The MethodSpace focus for August 2019 was on teaching research methods. You can find the series and related posts here.

You can help your students develop research skills, even when you are not teaching courses that focus on research methods. Create active, experiential projects that ask students to collect and analyze responses to written or verbal questions. Being able to ask thoughtful questions is a valuable life, career AND research skillset!

Students can question others in the class, people in their own families or communities, or they can conduct expert interviews with individuals who have experience or expertise related to the topic at hand. Students can plan and use surveys, questionnaires, or interviews.

Here is an example from my own teaching life.

I taught a Masters’ level online class about leadership skills. One of the course assignments asked students to interview a leader about how they handled various issues central to the course. Initial assignments for the project included a plan, including discussion about who had agreed to be interviewed and where the interview would take place, online or face-to-face. The interview questions were another deliverable. I was able to make sure that the questions were appropriate and relevant to the subjects covered in the course. They did not complete a full data analysis, instead they discussed and wrote about what they learned. They were able to compare and contrast the responses from interviews conducted by their peers. They were also able to compare and contrast what their interviewees said about leadership in the real world with the principles suggested in texts and readings. 

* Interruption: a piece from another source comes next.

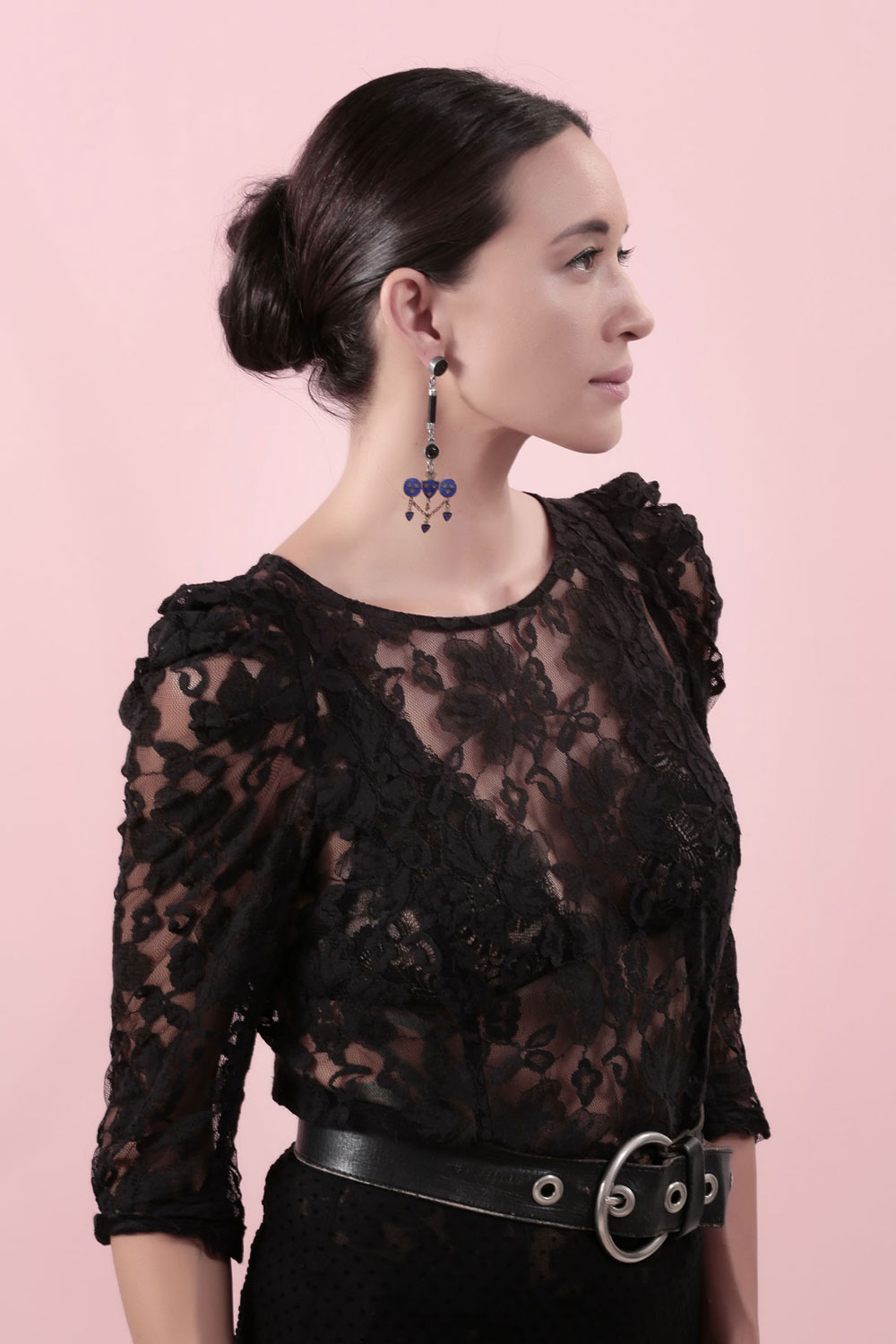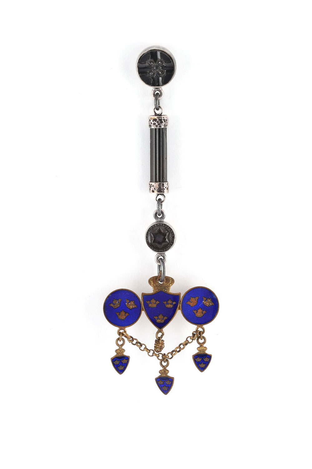 Vintage blue enamel brooch, Victorian black glass star stud in a sterling silver frame, black tourmaline in sterling silver caps, black Victorian glass button in sterling silver framed stud. Antique silver engraved cross, Afghanistan silver and blue enamel, black Victorian glass button with a sterling silver framed stud.

This kind of interview exercise could be completed by individual students or small teams. While my class was offered online, some students sat down with people in their own local communities and others interviewed people online.

Interviews to brought real-world knowledge into the classroom.

In addition to gaining insights into the course content not possible from readings alone, these students took one step forward in development of skills they could use to conduct scholarly or professional research. Students were engaged and motivated.

I created a detailed media piece about using interviews for this kind of classroom exercise. View Active E-Learning with E-Interviews and download a short hand out: Develop Skills through Class Projects. These materials are part of the ancillary materials for the book Qualitative Online Interviews.

In this example, the informal interviews on topics that were not sensitive or confidential did not merit approval by the Institutional Review Board. They used a simple agreement form that I provided. This is an issue you will want to check with your own institution before moving forward with this type of learning activity.